> **Your instructions**
The answer is the exact text of every line from the one that contains "Erekat en Pundak" to the final line of the entries below, with pictures left out.

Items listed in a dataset
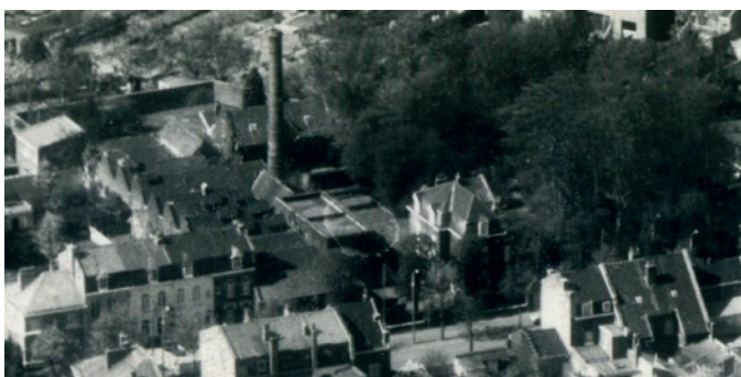
Vue aérienne vers 1975
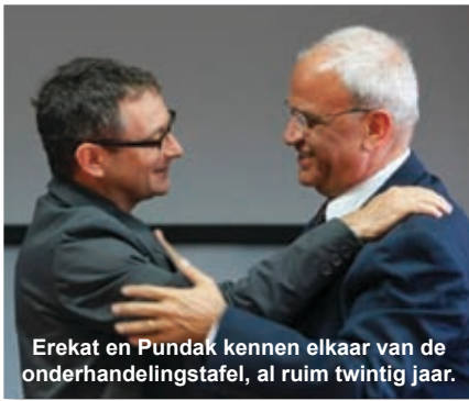
Erekat en Pundak kennen elkaar van de onderhandelingstafel, al ruim twintig jaar.
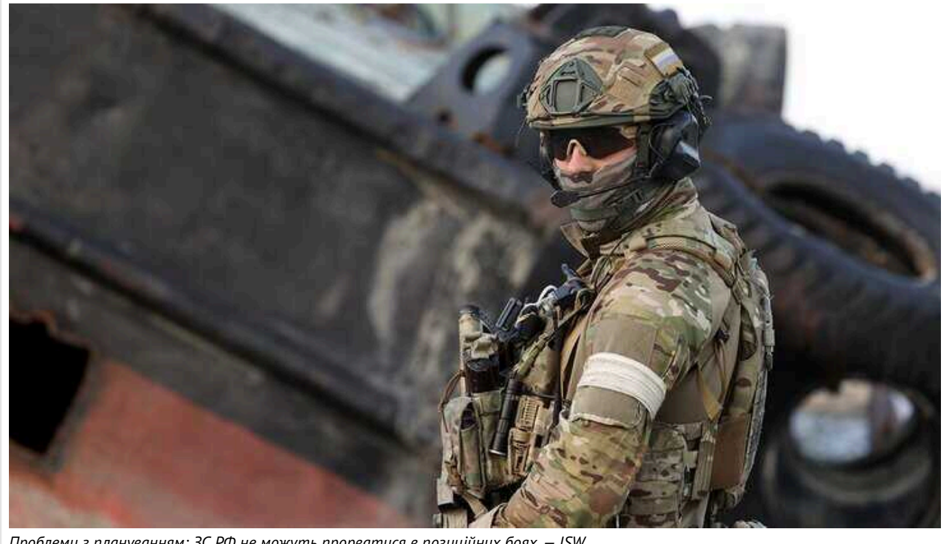
Проблеми з плануванням: ЗС РФ не можуть прорватися в позиційних боях, — ISW

За словами аналітиків, немає ознак того, що російські сили покращили свої можливості щодо планування та координації. Тому й триває дорогий і безладний наступ під Авдіївкою.
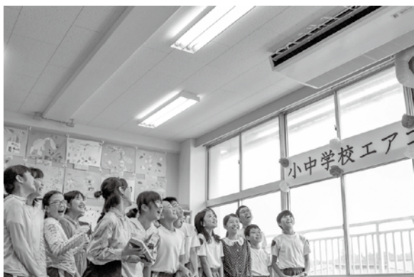
▲市は、市内全ての小中学校普通教室と幼稚園保育室にエアコンを設置。6月1日から一斉に使用を開始しています。

以前とは、環境も勉強の内容も変化している中で、環境衛生基準も変わりました。学校薬剤師も先生とともに学校の環境を調べています。
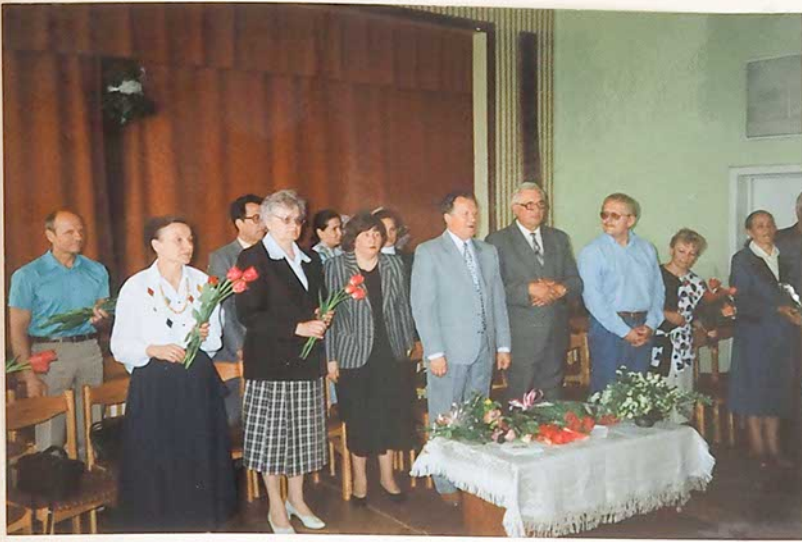
Paskutinio skambučio šventės akimirka
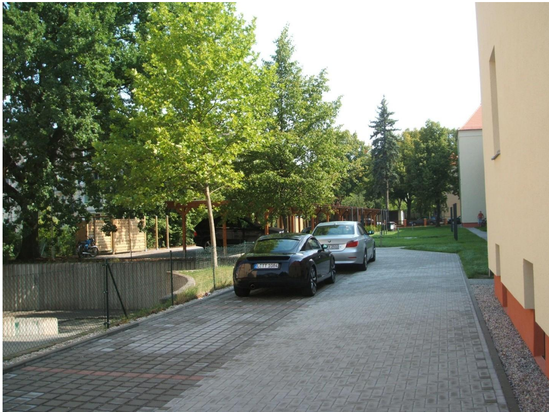
Hof PKW Stellplätze
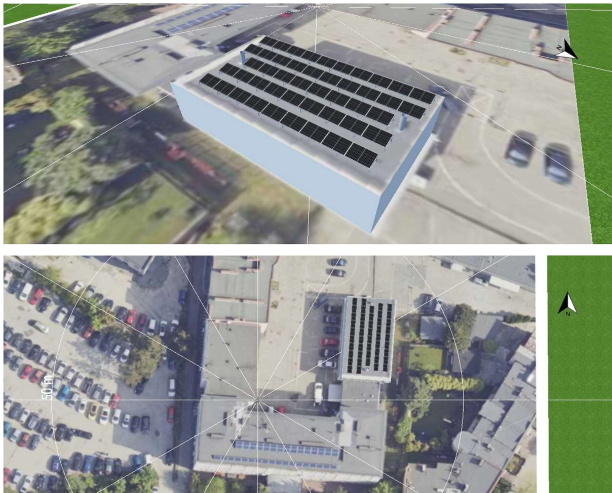
Fotografia 1. Proponowane rozmieszczenie modułów PV na dachu budynku

Proponowane rozmieszczenie modułów PV na dachu budynku.
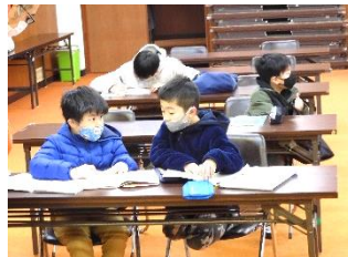
[元気に学習に励む西小のこどもたち、皆真剣に]
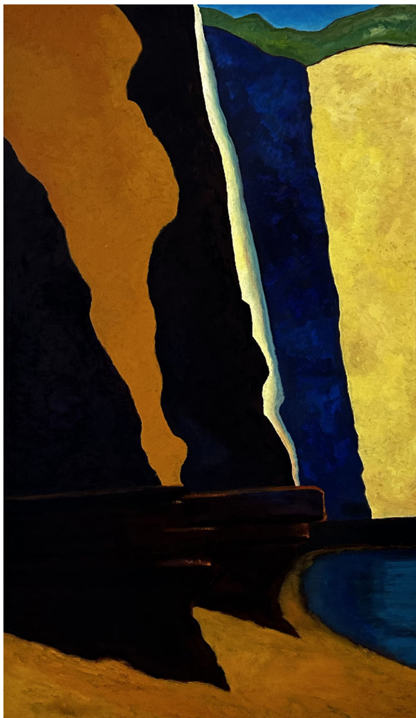
Guy de Malherbe, Fractures, ombres et lumières , huile sur toile, 195 x 97 cm, 2025
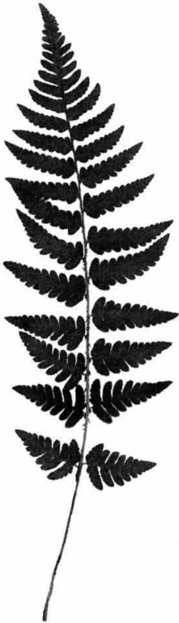
Granbräken ( Dryopteris cristata ) hittad vid Blommensberg.

ciliata ; vid Sturehov: Gulsippa Anemone ranunculoides och päron Pyrus communis ; vid Vällinge: Toppfrossört Scutellaria hastiflora , gulsippa Anemone ranunculoides , backruta Thalictrum simplex och päron Pyrus communis ; vid Bockholms-Sättra: Svedjenäva
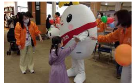
商業施設でのイベントの様子
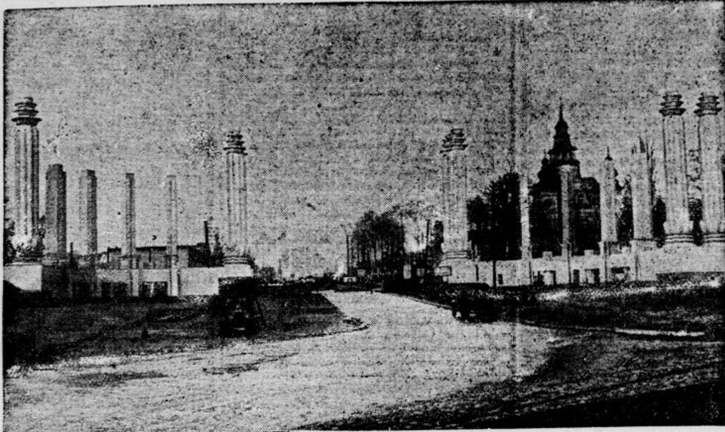
V belgijski prestolnici pripravljajo svetovno razstavo, za katere je že vse aranžirano. Slika nam kaže impozanten vhod na razstavišče

> **Response area**
Erekat en Pundak kennen elkaar van de onderhandelingstafel, al ruim twintig jaar.
Проблеми з плануванням: ЗС РФ не можуть прорватися в позиційних боях, — ISW

За словами аналітиків, немає ознак того, що російські сили покращили свої можливості щодо планування та координації. Тому й триває дорогий і безладний наступ під Авдіївкою.
▲市は、市内全ての小中学校普通教室と幼稚園保育室にエアコンを設置。6月1日から一斉に使用を開始しています。

以前とは、環境も勉強の内容も変化している中で、環境衛生基準も変わりました。学校薬剤師も先生とともに学校の環境を調べています。
Paskutinio skambučio šventės akimirka
Hof PKW Stellplätze
Fotografia 1. Proponowane rozmieszczenie modułów PV na dachu budynku

Proponowane rozmieszczenie modułów PV na dachu budynku.
[元気に学習に励む西小のこどもたち、皆真剣に]
Guy de Malherbe, Fractures, ombres et lumières , huile sur toile, 195 x 97 cm, 2025
Granbräken ( Dryopteris cristata ) hittad vid Blommensberg.

ciliata ; vid Sturehov: Gulsippa Anemone ranunculoides och päron Pyrus communis ; vid Vällinge: Toppfrossört Scutellaria hastiflora , gulsippa Anemone ranunculoides , backruta Thalictrum simplex och päron Pyrus communis ; vid Bockholms-Sättra: Svedjenäva
商業施設でのイベントの様子
V belgijski prestolnici pripravljajo svetovno razstavo, za katere je že vse aranžirano. Slika nam kaže impozanten vhod na razstavišče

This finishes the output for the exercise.